Items listed in a dataset
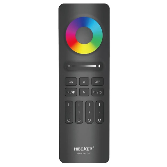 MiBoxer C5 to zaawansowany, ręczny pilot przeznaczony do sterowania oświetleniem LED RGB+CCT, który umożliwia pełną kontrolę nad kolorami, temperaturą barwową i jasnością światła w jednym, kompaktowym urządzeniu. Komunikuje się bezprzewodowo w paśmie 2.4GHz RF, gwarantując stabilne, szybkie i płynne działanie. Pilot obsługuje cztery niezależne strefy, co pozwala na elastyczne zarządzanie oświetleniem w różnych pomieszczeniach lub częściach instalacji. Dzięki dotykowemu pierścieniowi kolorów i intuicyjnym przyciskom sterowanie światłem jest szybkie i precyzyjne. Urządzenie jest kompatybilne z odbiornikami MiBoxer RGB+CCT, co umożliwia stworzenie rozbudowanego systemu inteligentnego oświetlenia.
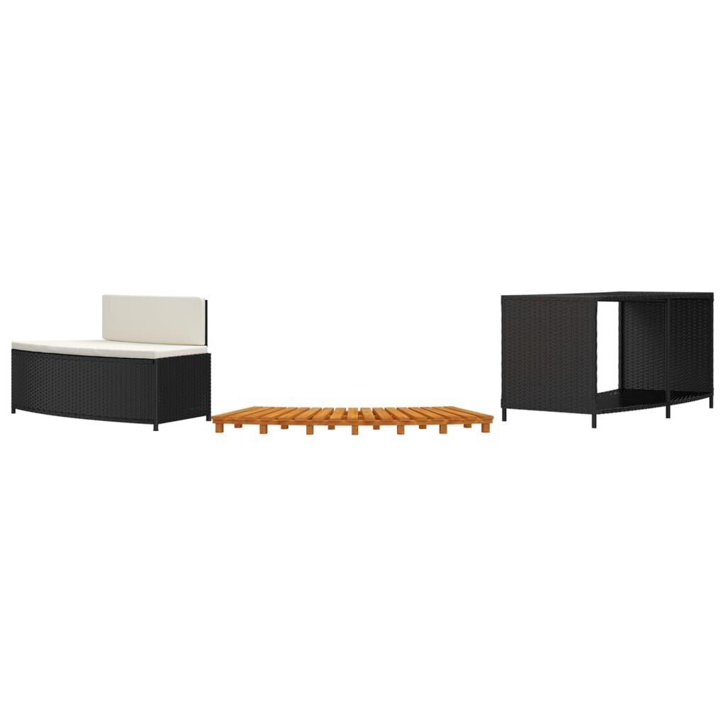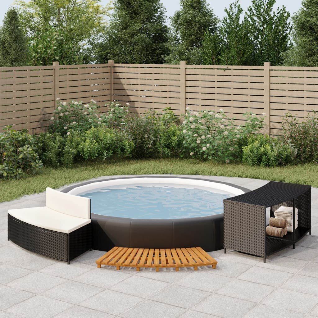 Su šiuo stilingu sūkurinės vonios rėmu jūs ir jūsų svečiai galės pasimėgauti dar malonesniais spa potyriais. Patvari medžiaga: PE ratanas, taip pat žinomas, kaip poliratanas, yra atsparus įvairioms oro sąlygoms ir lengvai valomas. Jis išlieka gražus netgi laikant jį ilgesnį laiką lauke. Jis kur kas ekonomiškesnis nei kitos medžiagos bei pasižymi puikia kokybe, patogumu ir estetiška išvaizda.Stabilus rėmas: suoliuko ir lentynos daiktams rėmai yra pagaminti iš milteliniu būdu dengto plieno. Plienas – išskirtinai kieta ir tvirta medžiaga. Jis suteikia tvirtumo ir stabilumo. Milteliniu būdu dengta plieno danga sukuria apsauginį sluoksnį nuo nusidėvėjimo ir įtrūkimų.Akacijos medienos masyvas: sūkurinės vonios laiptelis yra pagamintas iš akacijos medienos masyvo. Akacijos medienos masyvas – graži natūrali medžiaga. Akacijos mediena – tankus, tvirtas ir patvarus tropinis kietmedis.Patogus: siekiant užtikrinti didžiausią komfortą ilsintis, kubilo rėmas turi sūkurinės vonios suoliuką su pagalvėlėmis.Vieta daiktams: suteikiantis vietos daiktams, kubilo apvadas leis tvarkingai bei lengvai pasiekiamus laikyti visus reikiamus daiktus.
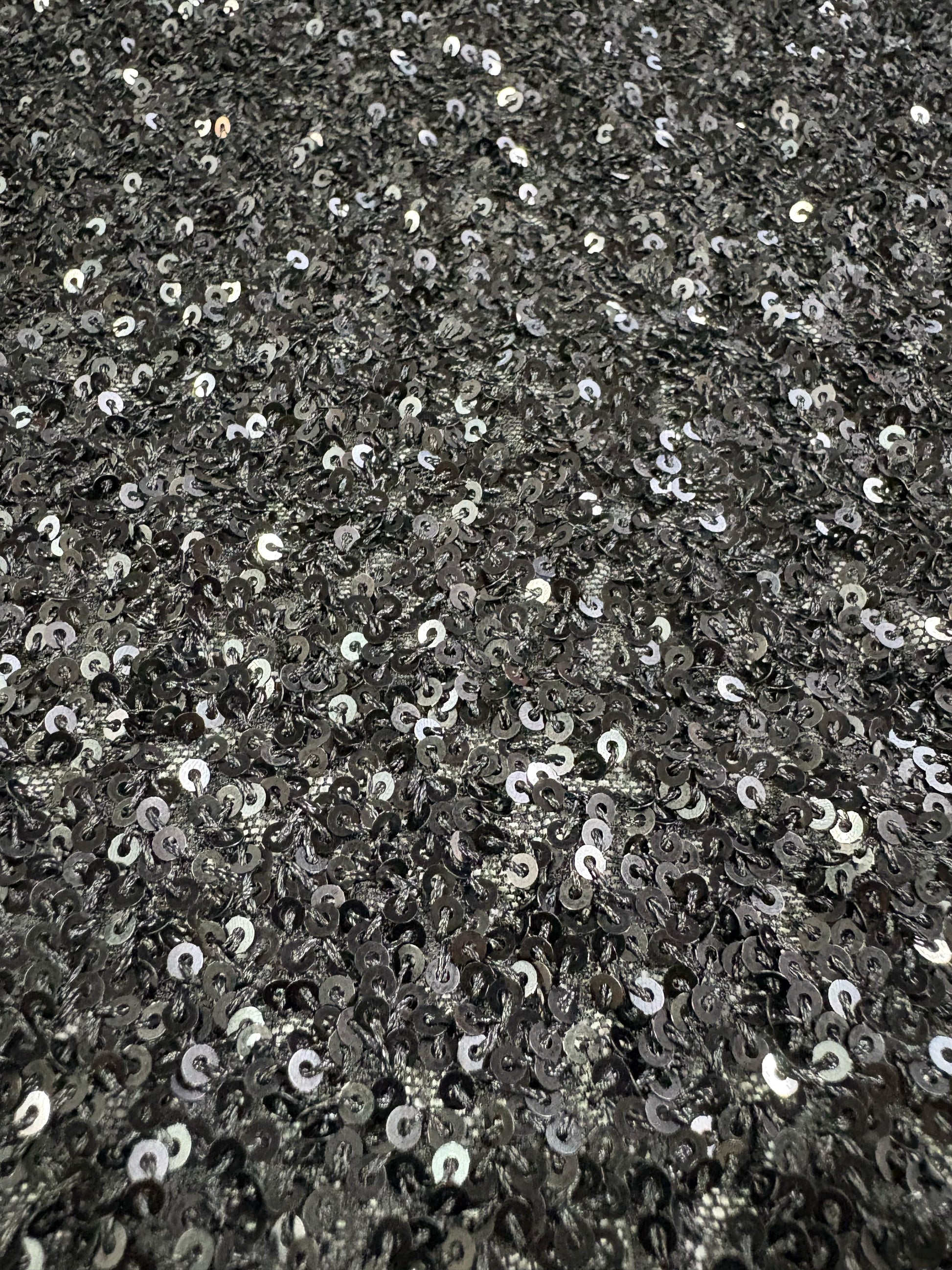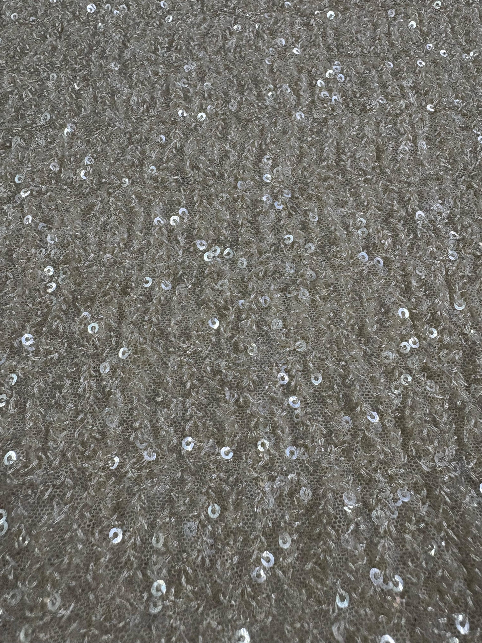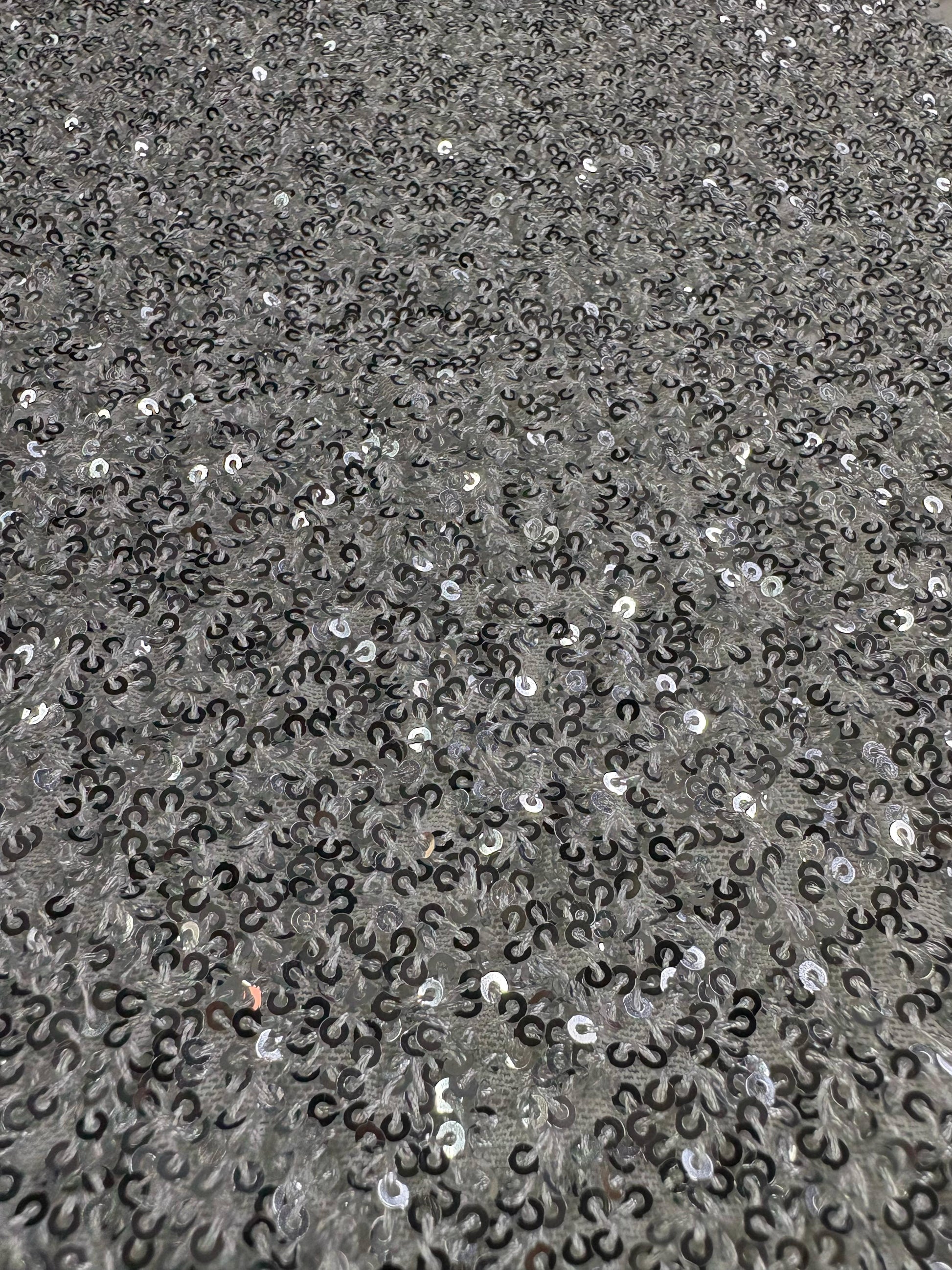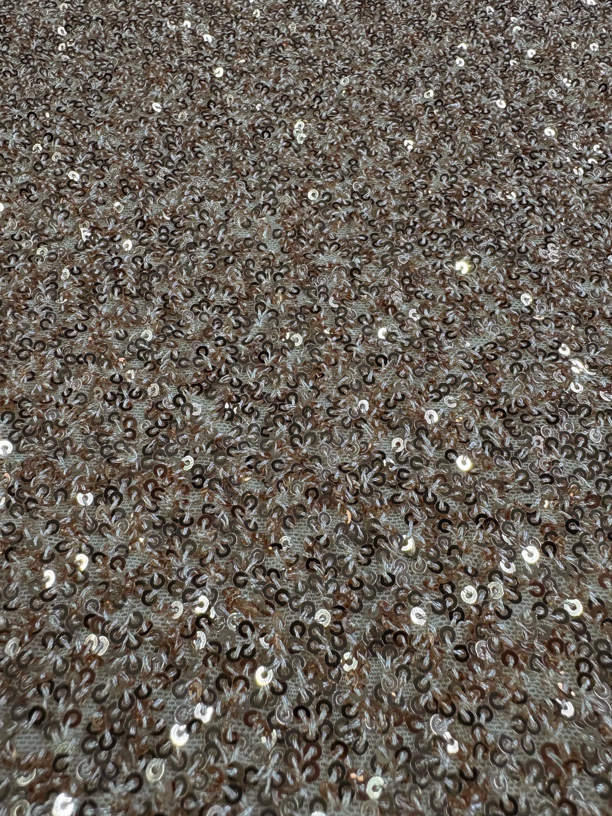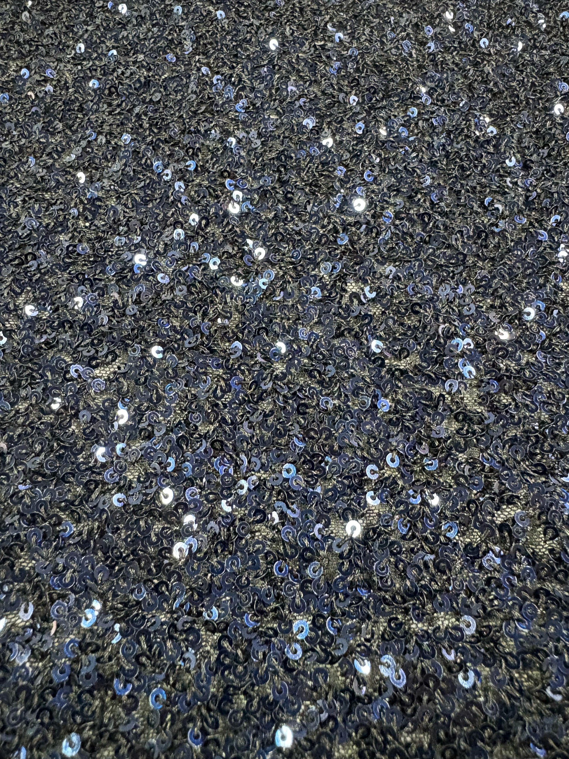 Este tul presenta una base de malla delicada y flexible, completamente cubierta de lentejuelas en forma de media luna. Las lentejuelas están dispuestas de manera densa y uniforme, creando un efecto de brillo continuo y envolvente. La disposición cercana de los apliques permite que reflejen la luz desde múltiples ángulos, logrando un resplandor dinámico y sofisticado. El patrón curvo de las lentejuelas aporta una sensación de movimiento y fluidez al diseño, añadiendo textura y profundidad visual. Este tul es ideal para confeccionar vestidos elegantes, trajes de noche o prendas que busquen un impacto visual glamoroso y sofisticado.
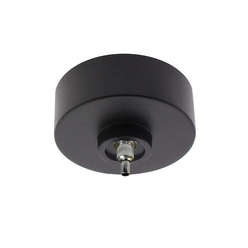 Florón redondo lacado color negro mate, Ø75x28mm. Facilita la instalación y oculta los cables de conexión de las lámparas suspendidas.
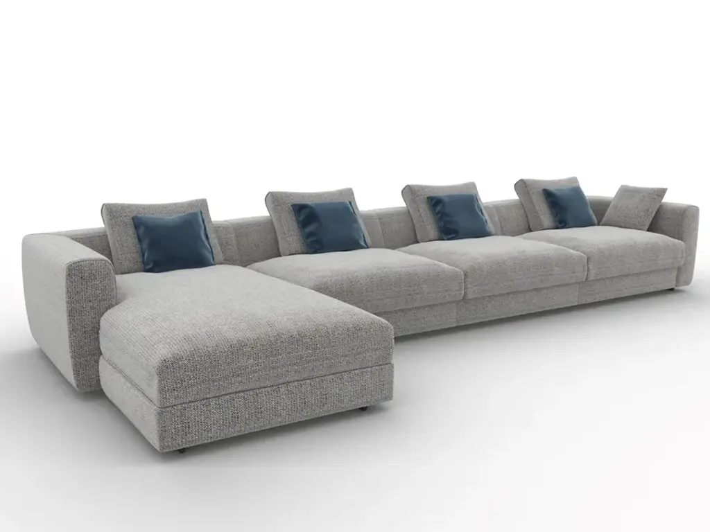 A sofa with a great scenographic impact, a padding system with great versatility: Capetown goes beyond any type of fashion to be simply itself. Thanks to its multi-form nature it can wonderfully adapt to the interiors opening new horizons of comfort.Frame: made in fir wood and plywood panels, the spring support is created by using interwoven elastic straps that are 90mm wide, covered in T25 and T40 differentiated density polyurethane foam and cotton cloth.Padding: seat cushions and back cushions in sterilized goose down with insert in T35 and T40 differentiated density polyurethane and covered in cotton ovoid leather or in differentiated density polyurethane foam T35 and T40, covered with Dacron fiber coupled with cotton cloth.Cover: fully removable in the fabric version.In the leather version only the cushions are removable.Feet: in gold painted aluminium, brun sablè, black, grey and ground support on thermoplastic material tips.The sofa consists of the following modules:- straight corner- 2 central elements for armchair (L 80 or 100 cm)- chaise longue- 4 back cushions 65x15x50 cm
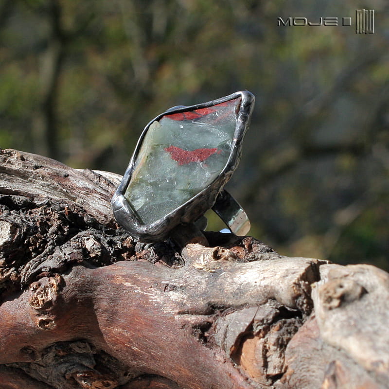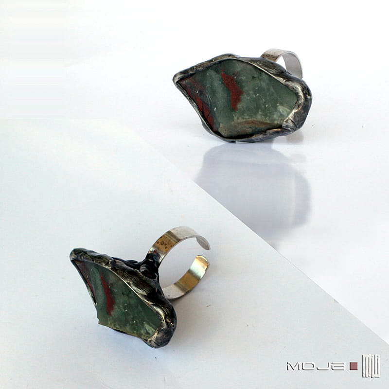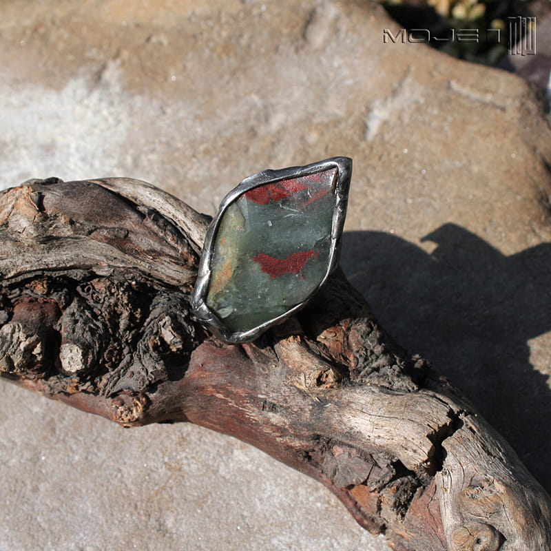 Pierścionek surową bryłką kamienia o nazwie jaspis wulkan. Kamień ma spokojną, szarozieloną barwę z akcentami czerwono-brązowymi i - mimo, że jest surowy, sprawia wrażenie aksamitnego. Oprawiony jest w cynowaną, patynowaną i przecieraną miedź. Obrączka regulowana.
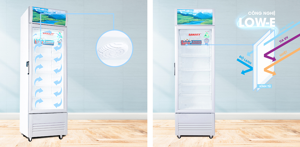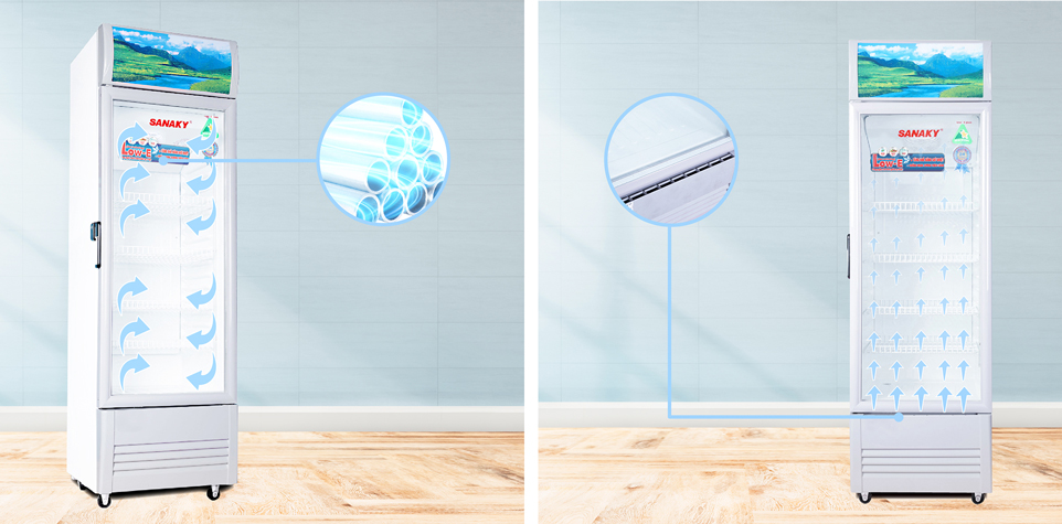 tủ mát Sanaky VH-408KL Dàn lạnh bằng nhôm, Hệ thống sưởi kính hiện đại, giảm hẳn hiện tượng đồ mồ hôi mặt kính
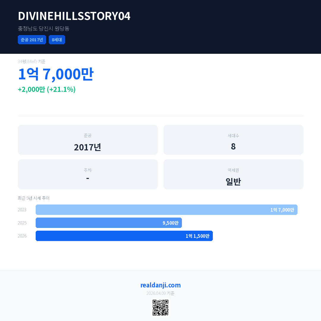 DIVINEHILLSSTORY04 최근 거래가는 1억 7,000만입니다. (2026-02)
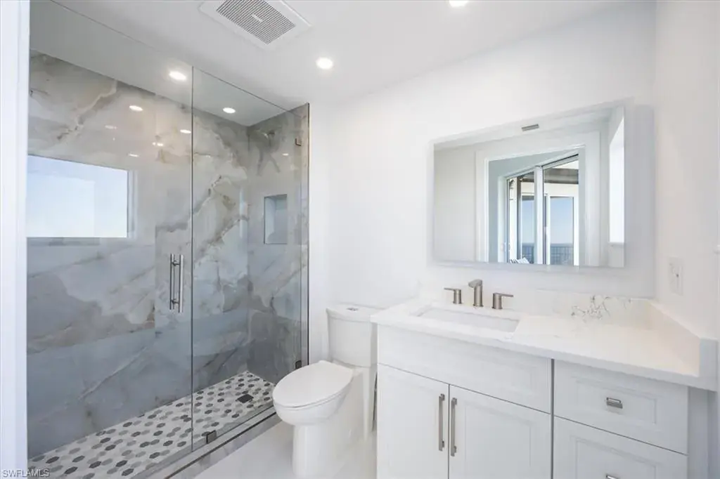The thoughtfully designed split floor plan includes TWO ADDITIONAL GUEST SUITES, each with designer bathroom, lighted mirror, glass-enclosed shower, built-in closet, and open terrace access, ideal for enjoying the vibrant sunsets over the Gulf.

**What is needed:** Set the lines above down again, word for word, from the first through the one containing "Su šiuo stilingu"; pictures excluded.

**Result of the task:**
 MiBoxer C5 to zaawansowany, ręczny pilot przeznaczony do sterowania oświetleniem LED RGB+CCT, który umożliwia pełną kontrolę nad kolorami, temperaturą barwową i jasnością światła w jednym, kompaktowym urządzeniu. Komunikuje się bezprzewodowo w paśmie 2.4GHz RF, gwarantując stabilne, szybkie i płynne działanie. Pilot obsługuje cztery niezależne strefy, co pozwala na elastyczne zarządzanie oświetleniem w różnych pomieszczeniach lub częściach instalacji. Dzięki dotykowemu pierścieniowi kolorów i intuicyjnym przyciskom sterowanie światłem jest szybkie i precyzyjne. Urządzenie jest kompatybilne z odbiornikami MiBoxer RGB+CCT, co umożliwia stworzenie rozbudowanego systemu inteligentnego oświetlenia.
 Su šiuo stilingu sūkurinės vonios rėmu jūs ir jūsų svečiai galės pasimėgauti dar malonesniais spa potyriais. Patvari medžiaga: PE ratanas, taip pat žinomas, kaip poliratanas, yra atsparus įvairioms oro sąlygoms ir lengvai valomas. Jis išlieka gražus netgi laikant jį ilgesnį laiką lauke. Jis kur kas ekonomiškesnis nei kitos medžiagos bei pasižymi puikia kokybe, patogumu ir estetiška išvaizda.Stabilus rėmas: suoliuko ir lentynos daiktams rėmai yra pagaminti iš milteliniu būdu dengto plieno. Plienas – išskirtinai kieta ir tvirta medžiaga. Jis suteikia tvirtumo ir stabilumo. Milteliniu būdu dengta plieno danga sukuria apsauginį sluoksnį nuo nusidėvėjimo ir įtrūkimų.Akacijos medienos masyvas: sūkurinės vonios laiptelis yra pagamintas iš akacijos medienos masyvo. Akacijos medienos masyvas – graži natūrali medžiaga. Akacijos mediena – tankus, tvirtas ir patvarus tropinis kietmedis.Patogus: siekiant užtikrinti didžiausią komfortą ilsintis, kubilo rėmas turi sūkurinės vonios suoliuką su pagalvėlėmis.Vieta daiktams: suteikiantis vietos daiktams, kubilo apvadas leis tvarkingai bei lengvai pasiekiamus laikyti visus reikiamus daiktus.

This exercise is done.